Kelly’yi klonlamaya iten şey ise Chai’ın sıkıntı geçen hayatının yarıda kalmış olması ve bunun yanında hastalıklarının hiç birinin genetik olmadığını gösteren testler oldu.

“Bu aslında biraz da ona ikinci baht vermekle ilgili” diyen Kelly, bir diğer sebebin de depresyonla uğraş ettiği devirde Chai’ın kendisine umut kaynağı olması ve ona derinden bağlanması olduğunu anlatıyor.

Kelly, “Bugün, Belle’in doğumuyla kalbimin büyük bir kısmının tamir edildiğini söyleyebilirim. İnsanların klonlama, sürecin gerektirdikleri ve hayatıma tesirleri hakkında daha fazla bilgi edinmelerine yardımcı olmanın değerli olduğunu düşünüyorum. Maksadım, öykümün evcil hayvan klonlama konusunda meraklı ve açık fikirli olanlara umut ve bilgi vermesi” diyor.


Kelly Anderson ve Belle

MALİYET YÜKSEK, BEŞERLER KLONLAMA İÇİN BEDELLİ EŞYALARINI SATIYOR

Birebir bağlılık, ABD’li müzikçi Barbra Streisand de dahil olmak üzere bir fazlaca insanı evcil hayvanlarını klonlamaya teşvik etti. Hatta klonlama sürecinin yüksek maliyeti sebebiyle araçlarını ya da ellerindeki kıymetleri eşyaları satmak üzere yollara başvuranlar dahi var.


ViaGen Pets, köpekleri 50.000, kedileri ise 35.000 dolara klonluyor. Şirket, çabucak hemen kararsız olanlara ise toplam klonlama maliyetine dahil olan 1600 dolar karşılığında evcil hayvanın hücrelerini muhafazayı ve saklamayı teklif ediyor.




ViaGen, 2002 yılında kuruldu. O yıl hayvan DNA’sını müdafaaya ve saklamaya başladılar fakat köpekleri ve kedileri klonlama çalışmalarını 2015 yılına kadar hayata geçirmediler.

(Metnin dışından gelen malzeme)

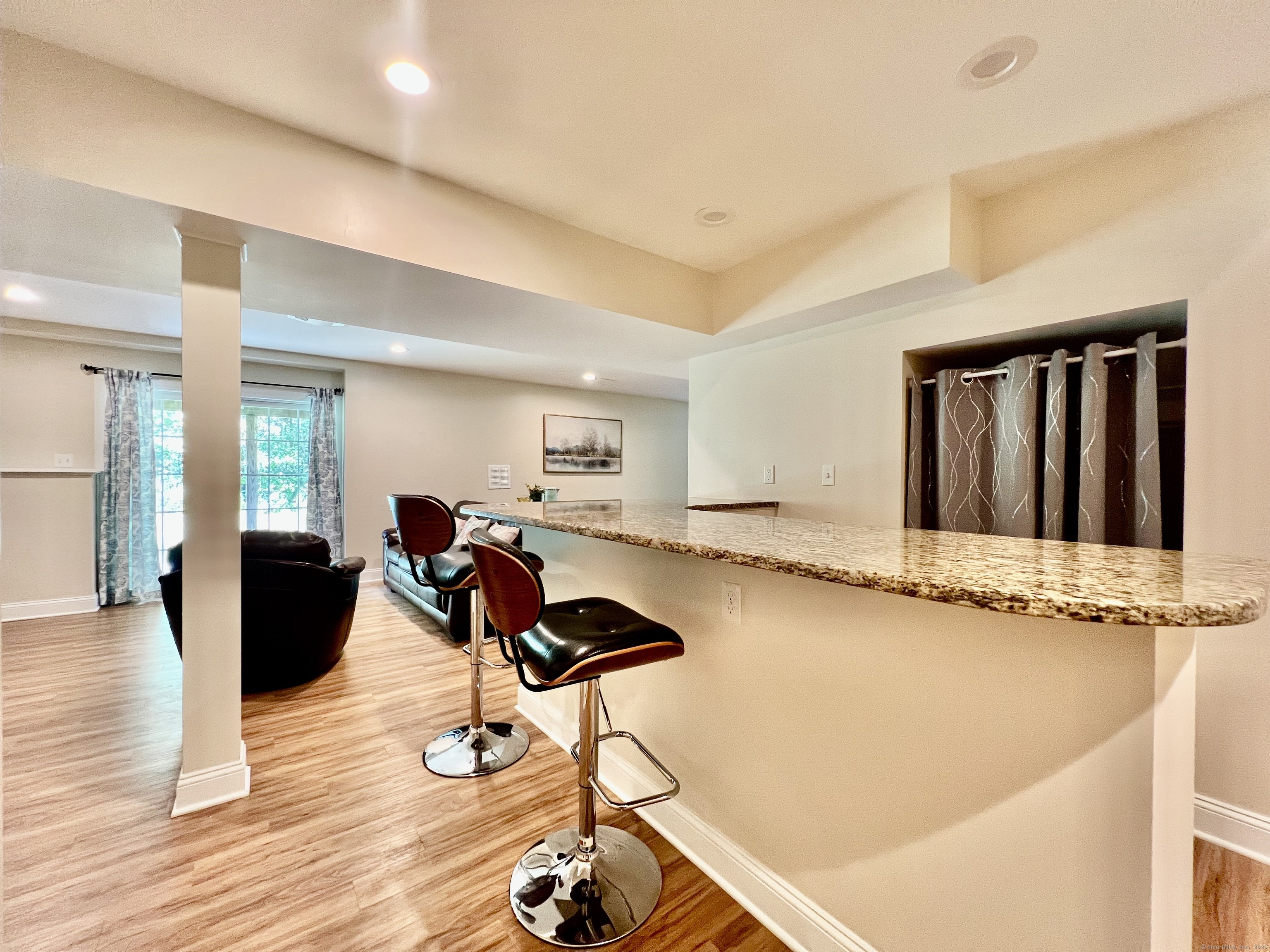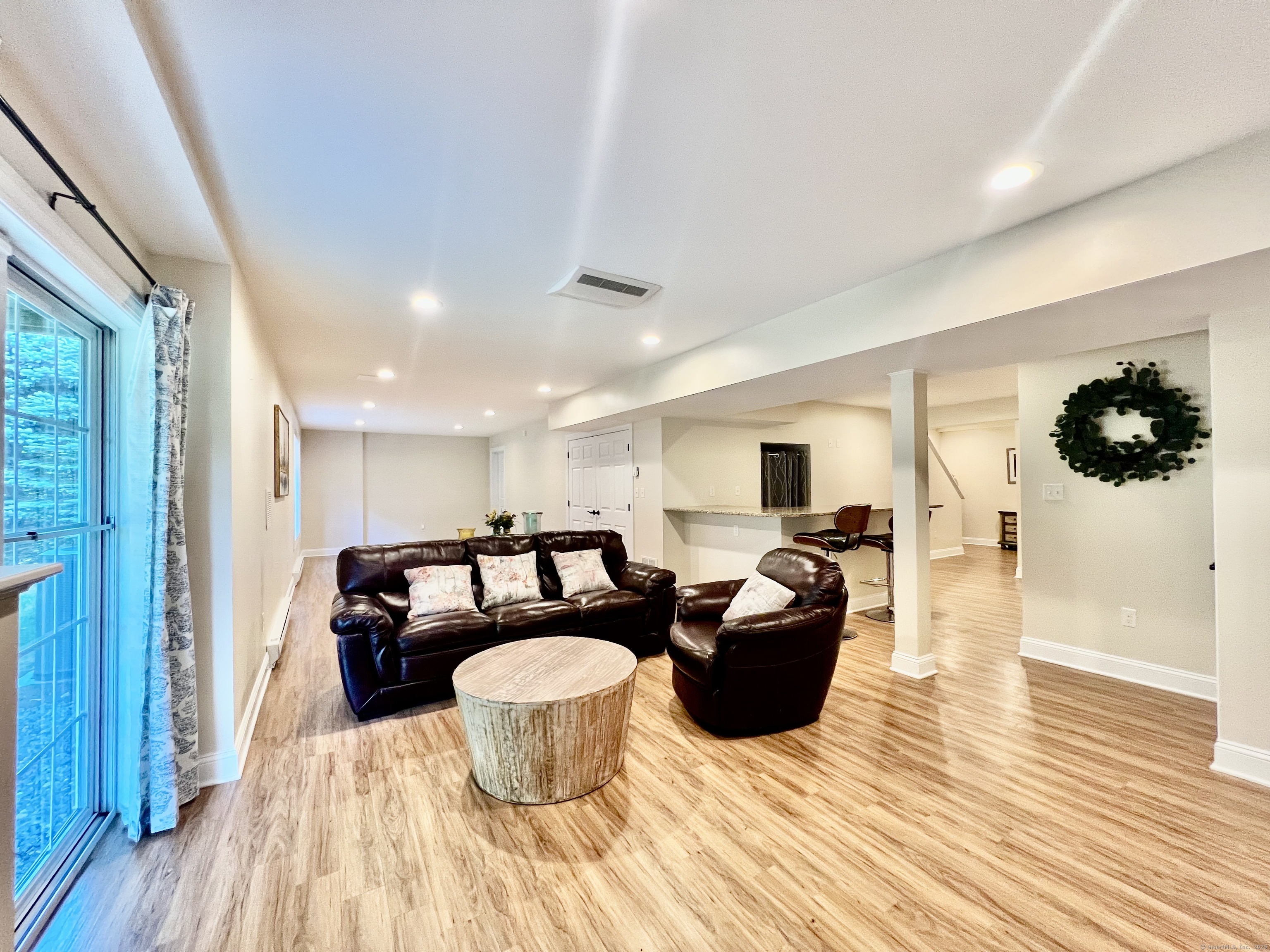 Welcome to 65 Oak Meadow Lane, located in one of Torrington's most sought-after 55+ communities! This beautifully maintained home features an inviting open floor plan, a spacious eat-in kitchen with center island, granite countertops, and hardwood floors that flow through the dining and living areas. The main level offers a primary suite complete with a walk-in closet, luxury bath, and convenient laundry. Upstairs, a versatile loft with hardwood flooring leads to a second bedroom with its own walk-in closet and full bath. The fully finished, walk-out lower level expands your living space with a custom granite bar, family room, office area, and an additional full bath. Situated on the Harwinton/Torrington line, this ranch-style home combines comfort and convenience, newer mechanicals/garage opener with HOA services that cover exterior maintenance.

Şirketin müşteri hizmetleri müdürü Melain Rodriguez, evcil hayvanlarının DNA’sını müdafaaya aldıran müşterilerin yaklaşık yüzde 10’unun nihayetinde klonlama sürecine başladığını söylüyor. Hücreleri müdafaaya aldıran öteki yüzde 90’lık kısım ise kararsızlığını sürdürüyor. Öte yandan hücreler için bir “son kullanım tarihi” de bulunmuyor.

Rodriguez, “17 yıl boyunca hayvanının hücrelerini depolayan ve artık klonlatan müşterilerimiz dahi var. Düşünsenize, 25 yıl evvel yaşayan köpeğinizin DNA’sından gelen yeni bir köpeğiniz var. Bu sahiden inanılmaz bir şey” tabirlerini kullanıyor.

Şirket, şimdiye kadar kaç klon yaptığını açıklamıyor lakin Rodriguez “Yüzlerce” diyor ve yıllar geçtikçe bu sürecin daha da tanınan hale geleceğini sav ediyor.